Heck, if he wants to get upset about a scientific theory, I could refer him to an essay by Tom Wolfe, Sorry, But Your Soul Just Died. Without taking sides one way or the other, Wolfe discusses current research in the newly-established field of neuroscience, which is taking materialism to the nth degree. In picking apart the secrets of the brain, neuroscience is calling into question not only the existence of the soul, but the very notion of self-hood. There may be no such thing as "me." According to the neuroscientists, the most fundamental of all human ideas, that I am I and you are you, may be nothing but an illusion based on electronic impulses popping around. Jesus! If my fundamentalist pal thinks Darwin is still something to feel threatened by, let him consider the implications of all this, and chances are he'll forget all about fretting that his ancestors may be apes.

And by the way, if the very idea of selfhood is nothing but an illusion, what does that portend for all of our other cherished notions about what's true and what's false, including the latest scientific innovation or the oldest and most cherished religious belief?

Remember the old conundrum that the 16 year-old atheist in the high-school hallway used to whip out in order to bedevil his believing friends? I used it in the earlier posting; here it is again: "If God can do anything, can he make a rock so heavy that he can't pick it up?" Of course the fun in this question is that it contains its own contradiction. Its logic is so faulty as to be laughable, but plenty of credulous high-school kids were stumped by it. Either way they answer, God clearly can't do everything.

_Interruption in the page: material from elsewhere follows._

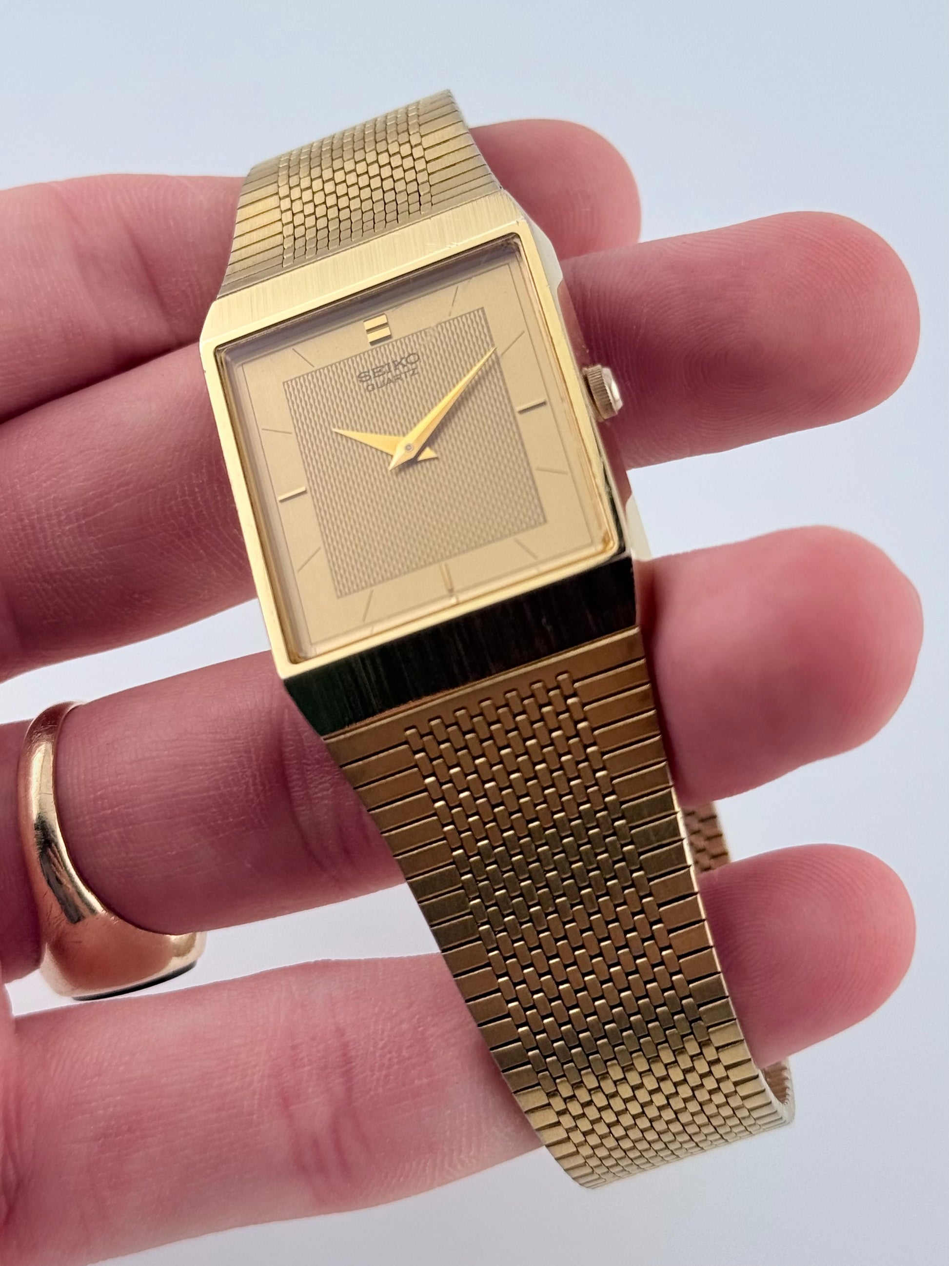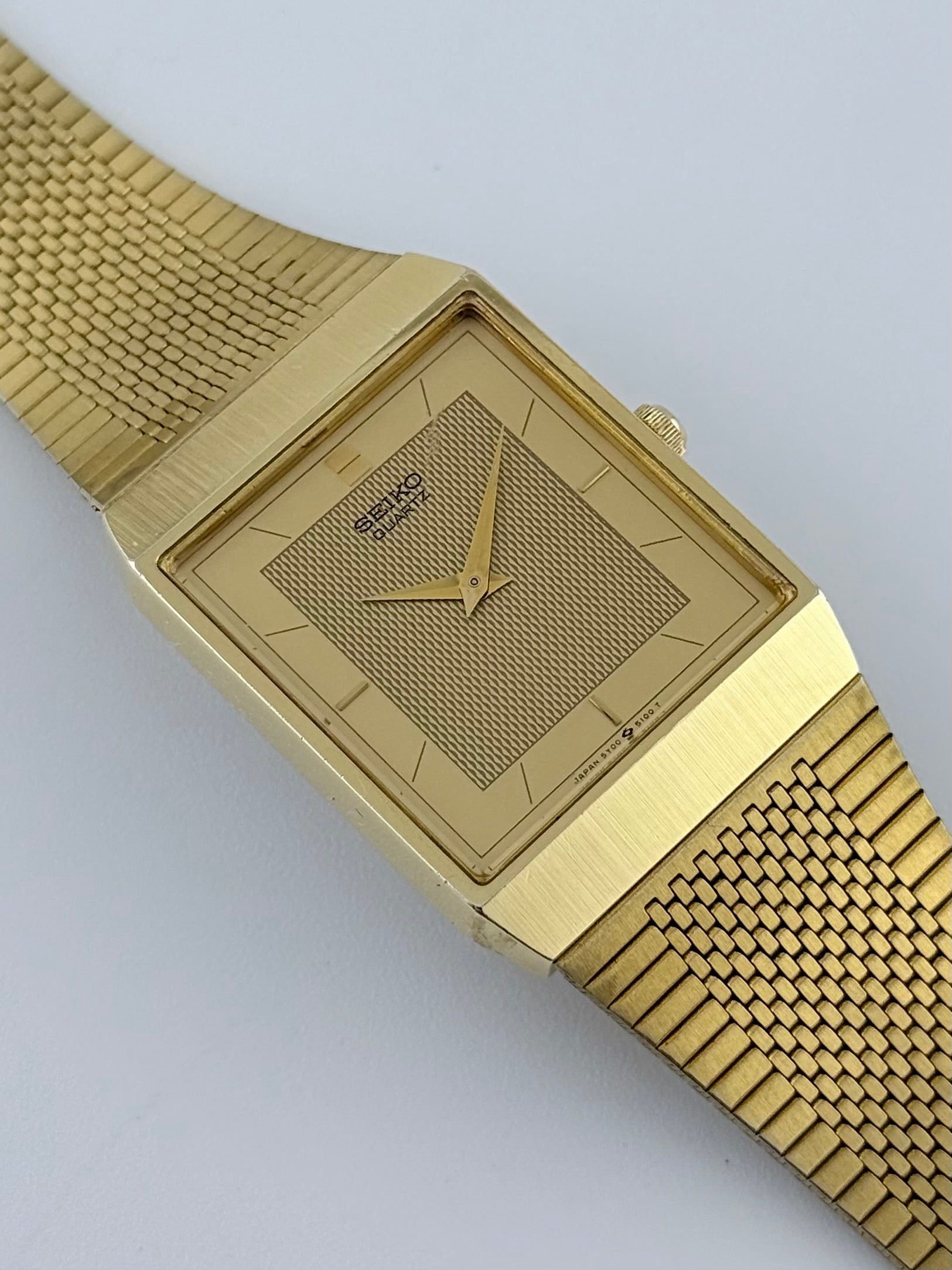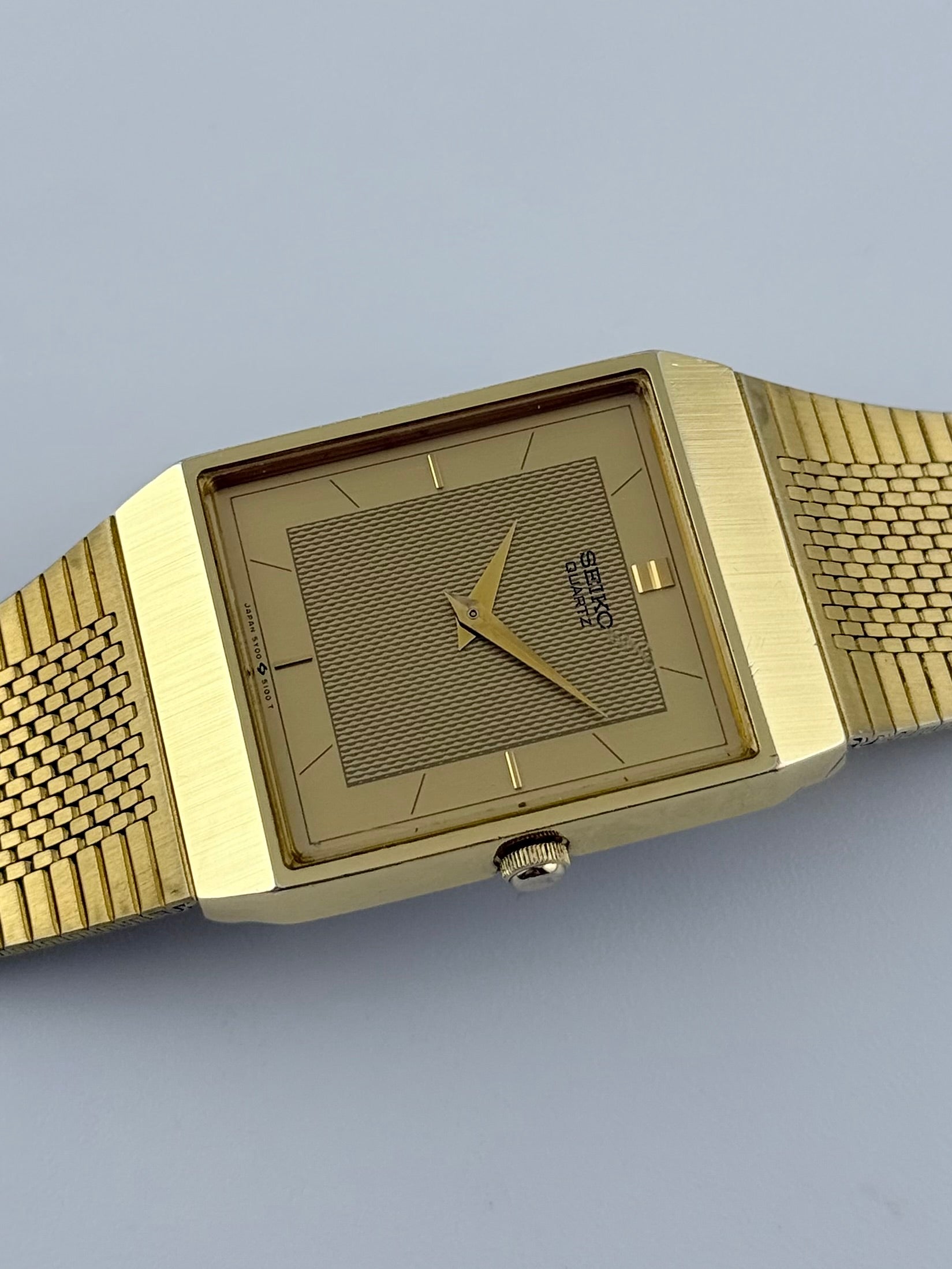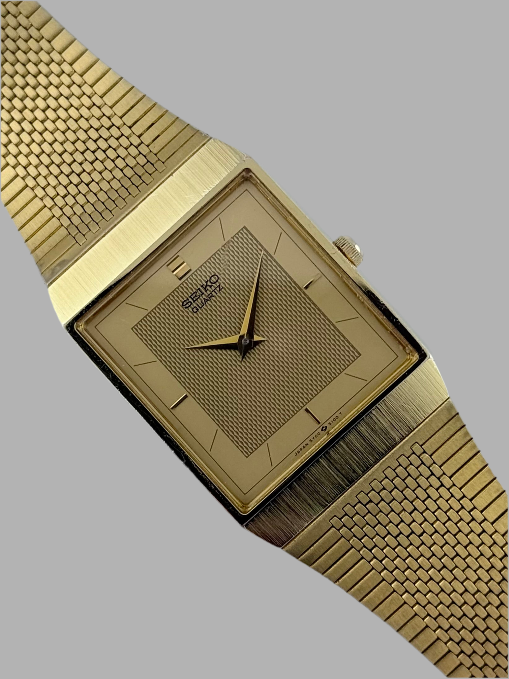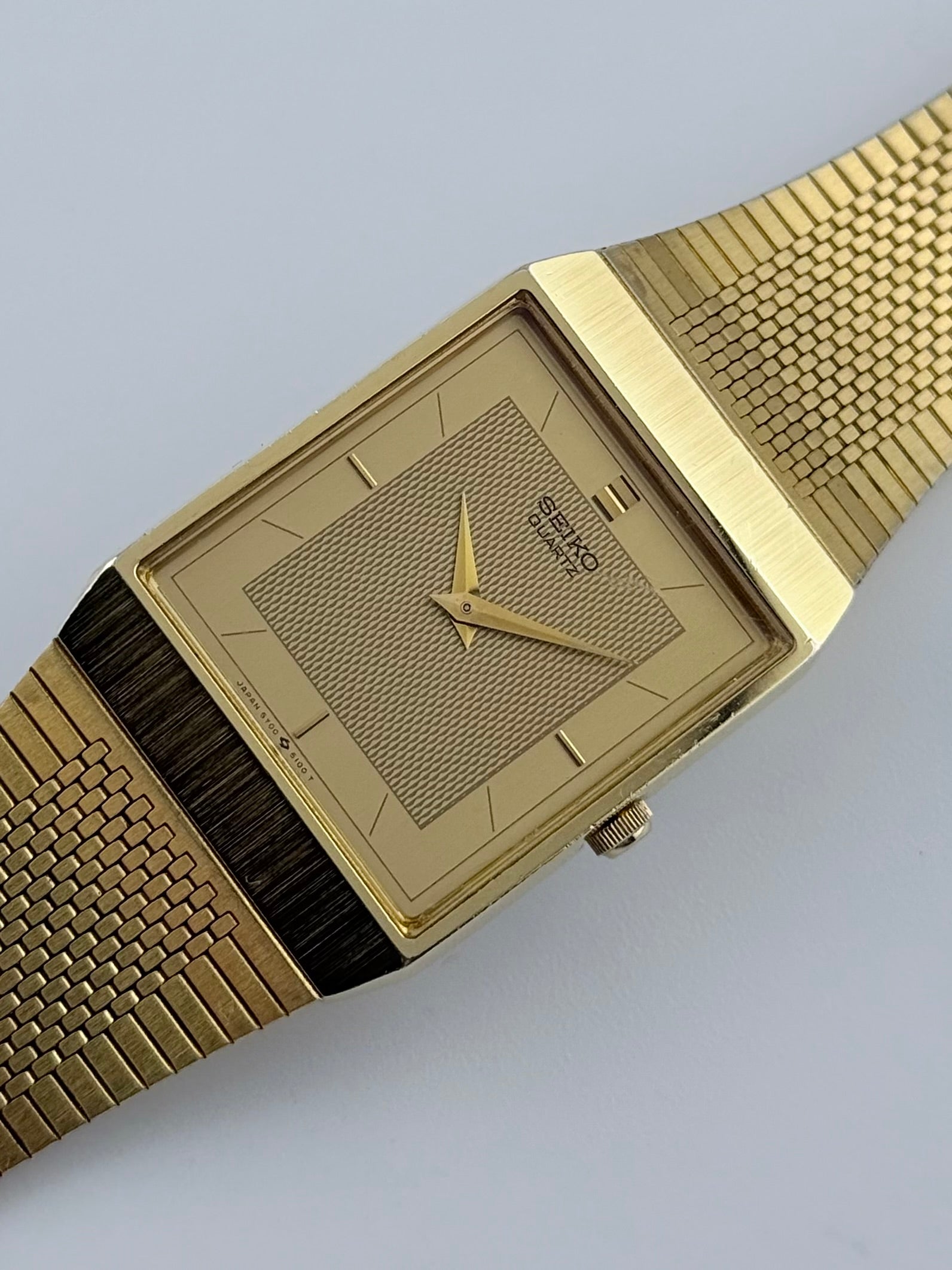 This lovely Seiko Tank with full gold colour profile is in great vintage condition, showing some wear, including a scratch on the crystal, but still looking absolutely amazing. The watch features a stunning two-tone dial with intricate design and pattern as well as its original bracelet. The watch works perfectly in all its functions. This piece would serve as a great dress piece for men!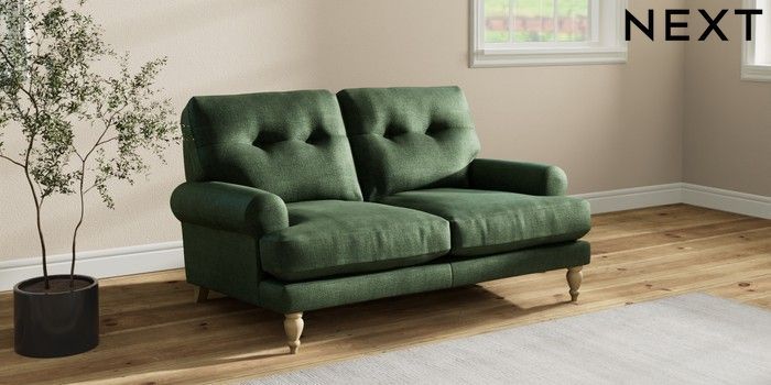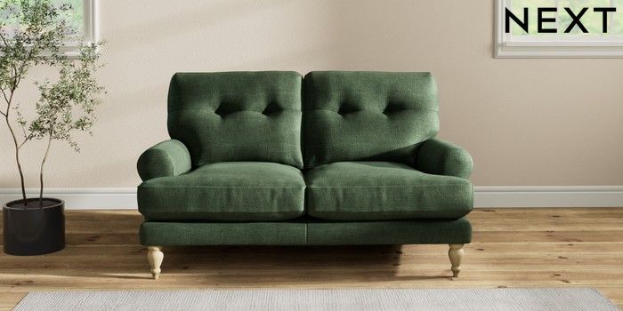 7.2.10 Erin Buttoned Back Deep Relaxed Sit 2 Seater Small Sofa Luxe Chenille Dark Green High Classic Turned - Light | Made Click here to use our website with more accessibility support, for example screen readers

Well, apparently neither can the Devil. Long before I heard the rock conundrum for the first time, I remember hearing this joke on the playground:

"Three guys died and went to hell. The Devil told them that if they could come up with one thing he couldn't do, he'd let them go to heaven instead. The first guy says, 'OK, chop off the nose of everybody in the world.' The Devil promptly swoops out and does that. No cigar. The second guy says, 'OK, chop off the ears of everybody in the world.' The Devil immediately does that as well. When it comes to the third guy's turn, he offers the Devil a big, loud fart. 'Catch that and paint it green,' he says. Well, even the Devil can't do that, so the third guy gets to go to heaven.

I doubt whether, even if all the school districts in the world were to suddenly agree to teach evolution as "only a theory," my friend and his cohort would be satisfied. In due time they'd be quibbling about how earnestly it was being put forth as a theory, or complaining that textbooks didn't offer alternative theories, even though they have yet to come up with one that merits anything more than a quick once-over followed by a "try again." Meanwhile, he might want to ponder what there is to be gained from continuing to holler about evolution, a theory more than 150 years old, when clearly the blasphemies of science, as one of the lead characters in Inherit The Wind called them, are taking us to much more "dangerous" shores.

Lightning struck a lucky pool of amino acids? Catch that and paint it green.